## WHAT IS EXPECTED:
Please, without any pictures, transcribe the lines from the one holding "Вычисли сторону AB, если" to the end of the listing, both ends included.

▬▬▬

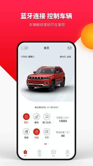 悦野圈bj30在这里用户可以绑定自己的智能汽车,在手机上时刻监测汽车的各项数据,自动帮你定位汽车的位置,每天记录汽车的行驶各项数据,还可以在手机上控制汽车的空调,各项数据都会显示在软件的首页,让你可以按照需求进行控制调节,欢迎有需要的朋友下载使用!
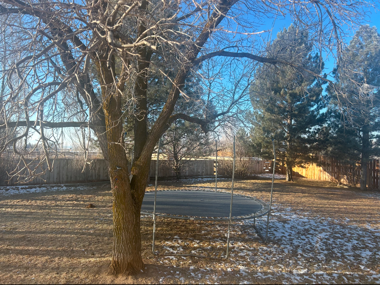 I increased the brilliance as well as highlights to distinguish the white snow spots in the lawn. I lightened the contrast to develop the tree limbs from the fence making them more defined.
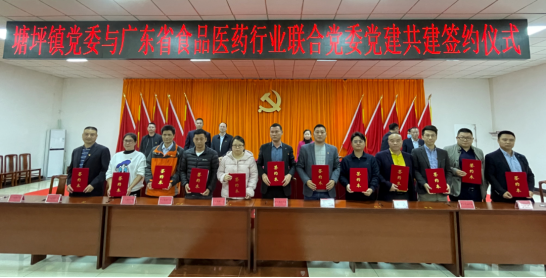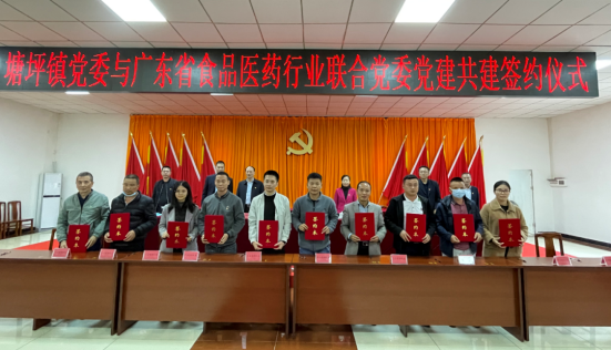 广东省食品医药行业联合党委下属17个党组织与塘坪镇下辖16个行政村和1个社区居委会党组织签约结对共建。
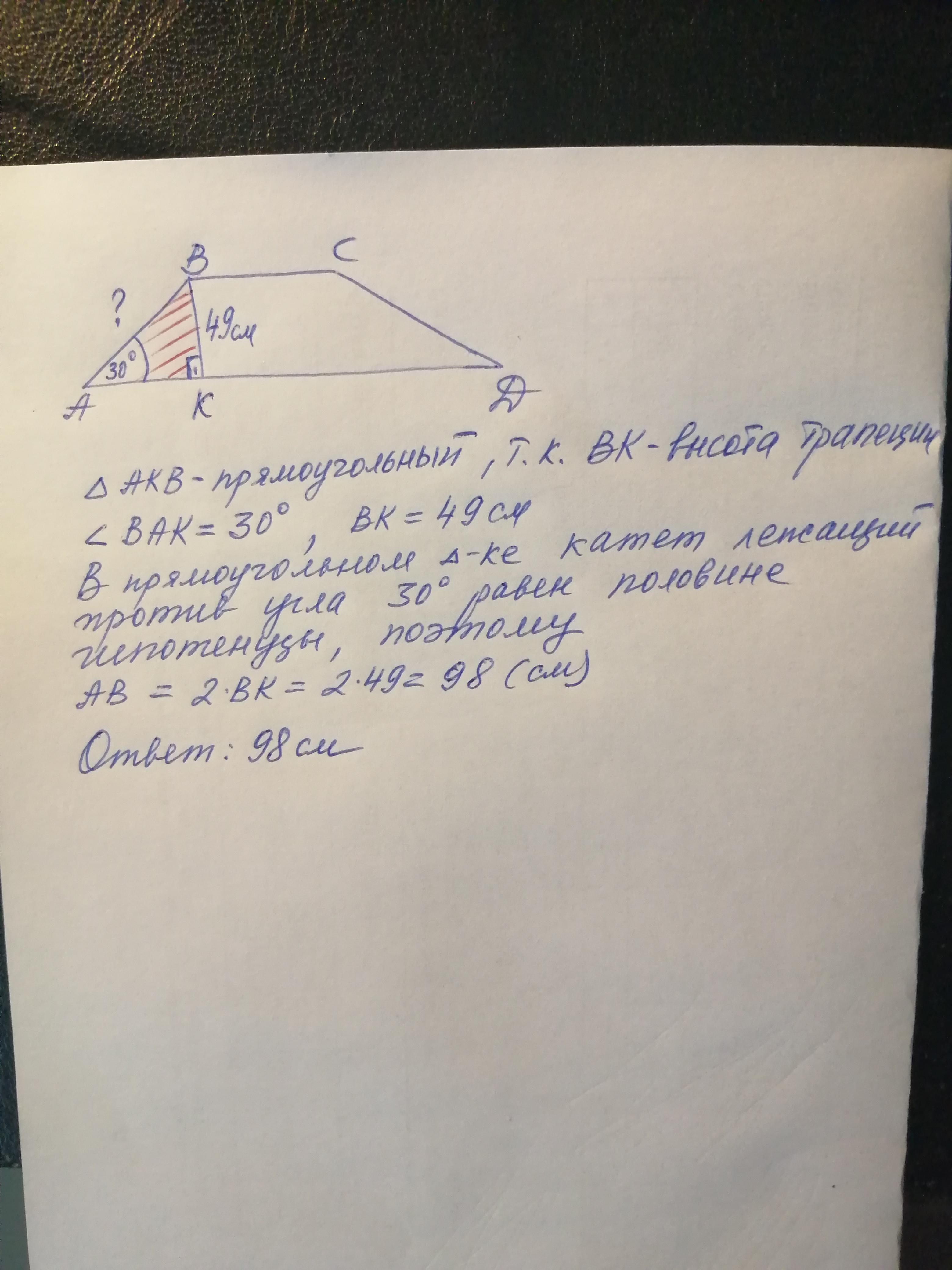 Вычисли сторону AB, если высота BK равна 49 см.
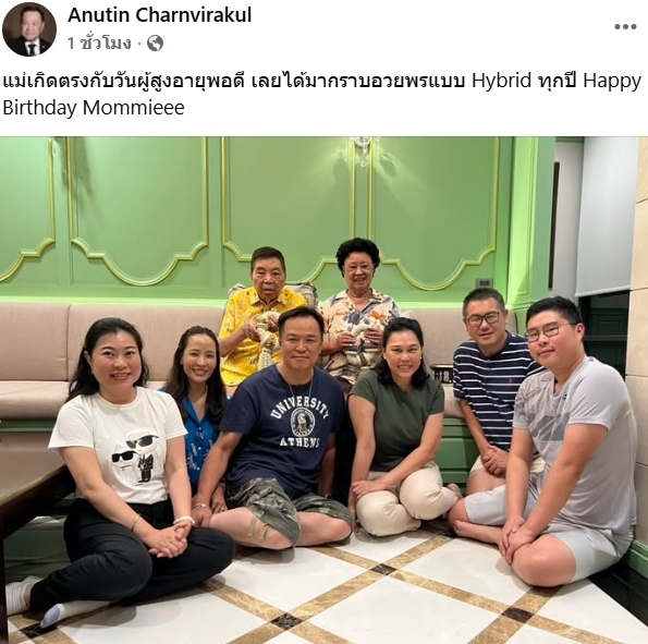 นายอนุทิน ชาญวีรกูล นายกรัฐมนตรีและรัฐมนตรีว่าการกระทรวงมหาดไทย โพสต์ภาพบรรยากาศครอบครัวสุดชื่นมื่น โดยระบุข้อความว่า "แม่เกิดตรงกับวันผู้สูงอายุพอดี เลยได้มากราบอวยพรแบบ Hybrid ทุกปี Happy Birthday Mommieee "
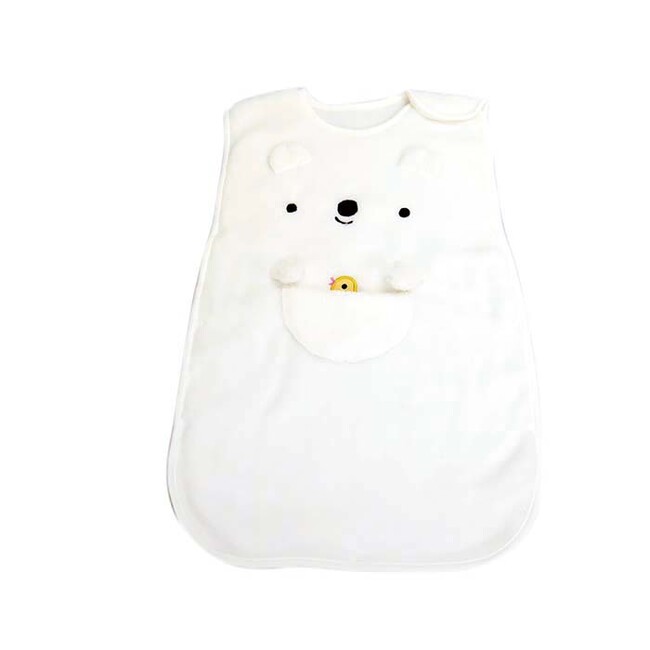 内容:クマさんの顔と手、そしてポケットからのぞくヒヨコがかわいいスリーパー。肩や脇、股下にスナップボタンが付いているので、寝相の激しいお子さまでも安心してご使用いただけます。優しいクリームカラーは、性別問わずご利用いただけますので、ギフトにも喜ばれます。
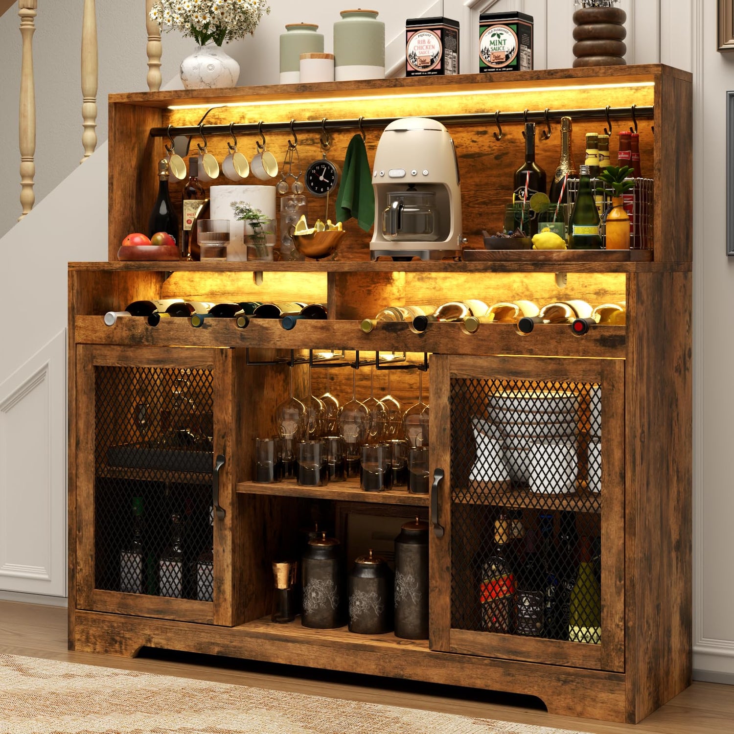 Loomie Wine Bar Cabinet with LED Light, Liquor Cabinet with Glass Holder, Coffee Bar Cabinet for Liquor, Storage Buffet Cabinet with Wine Racks, Wine Cabinet with Mesh Door (Rustic)
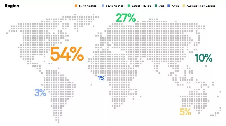 我们看一下全球在做 DevOps 的公司分布。从上图可以看出一个很大的问题,就是亚洲明明有很高的消费能力,有很多智能手机的用户,但亚洲只占全球的 DevOps 工程师数量了 10%,而欧洲和美国却占全球最大的一部分。
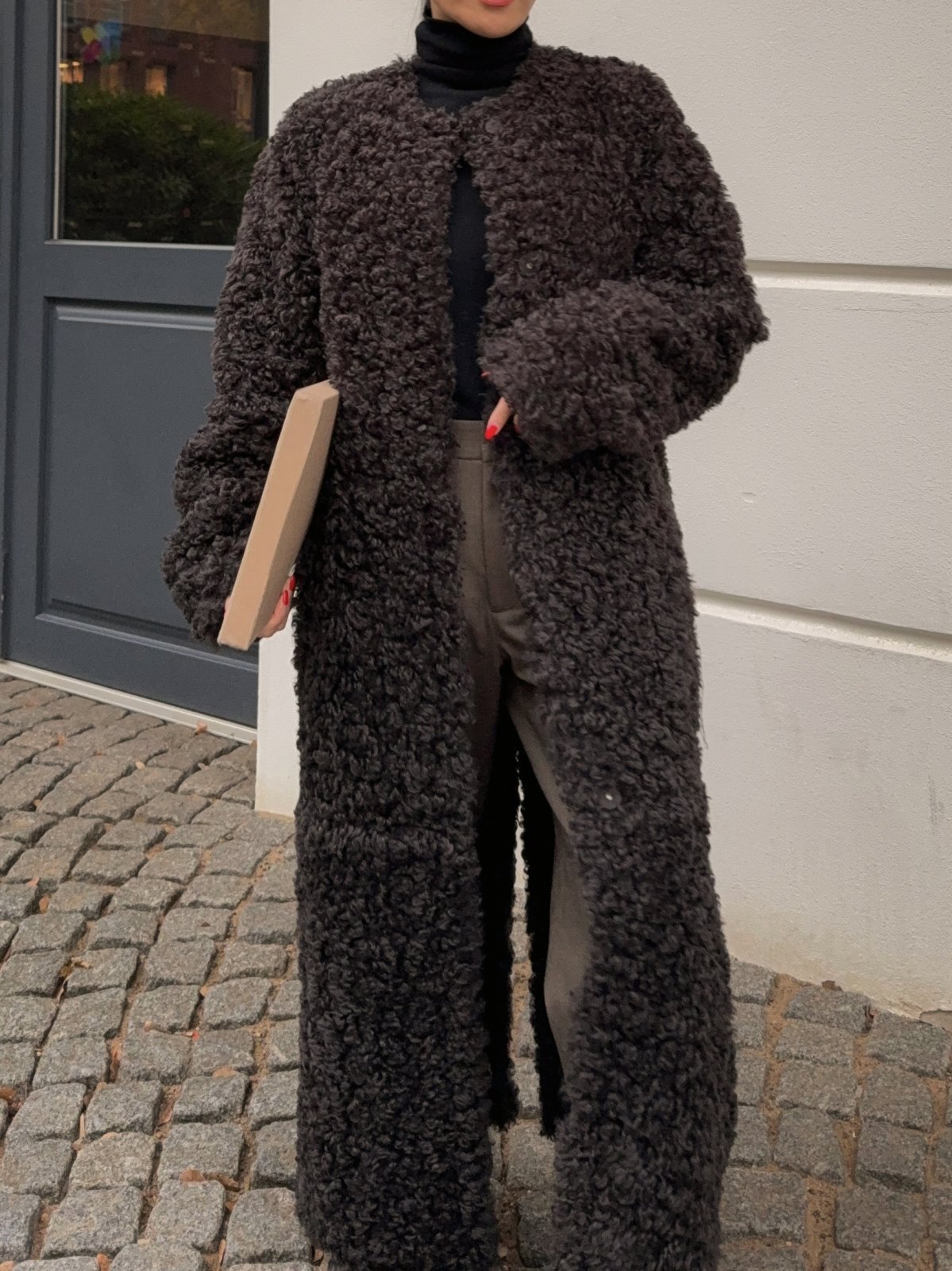 まるでプードルのような弾力のある柔らかいカーリーなエコファーで仕上げられたロングコート。

▬▬▬

## COMPLETED TASK:
 Вычисли сторону AB, если высота BK равна 49 см.
 นายอนุทิน ชาญวีรกูล นายกรัฐมนตรีและรัฐมนตรีว่าการกระทรวงมหาดไทย โพสต์ภาพบรรยากาศครอบครัวสุดชื่นมื่น โดยระบุข้อความว่า "แม่เกิดตรงกับวันผู้สูงอายุพอดี เลยได้มากราบอวยพรแบบ Hybrid ทุกปี Happy Birthday Mommieee "
 内容:クマさんの顔と手、そしてポケットからのぞくヒヨコがかわいいスリーパー。肩や脇、股下にスナップボタンが付いているので、寝相の激しいお子さまでも安心してご使用いただけます。優しいクリームカラーは、性別問わずご利用いただけますので、ギフトにも喜ばれます。
 Loomie Wine Bar Cabinet with LED Light, Liquor Cabinet with Glass Holder, Coffee Bar Cabinet for Liquor, Storage Buffet Cabinet with Wine Racks, Wine Cabinet with Mesh Door (Rustic)
 我们看一下全球在做 DevOps 的公司分布。从上图可以看出一个很大的问题,就是亚洲明明有很高的消费能力,有很多智能手机的用户,但亚洲只占全球的 DevOps 工程师数量了 10%,而欧洲和美国却占全球最大的一部分。
 まるでプードルのような弾力のある柔らかいカーリーなエコファーで仕上げられたロングコート。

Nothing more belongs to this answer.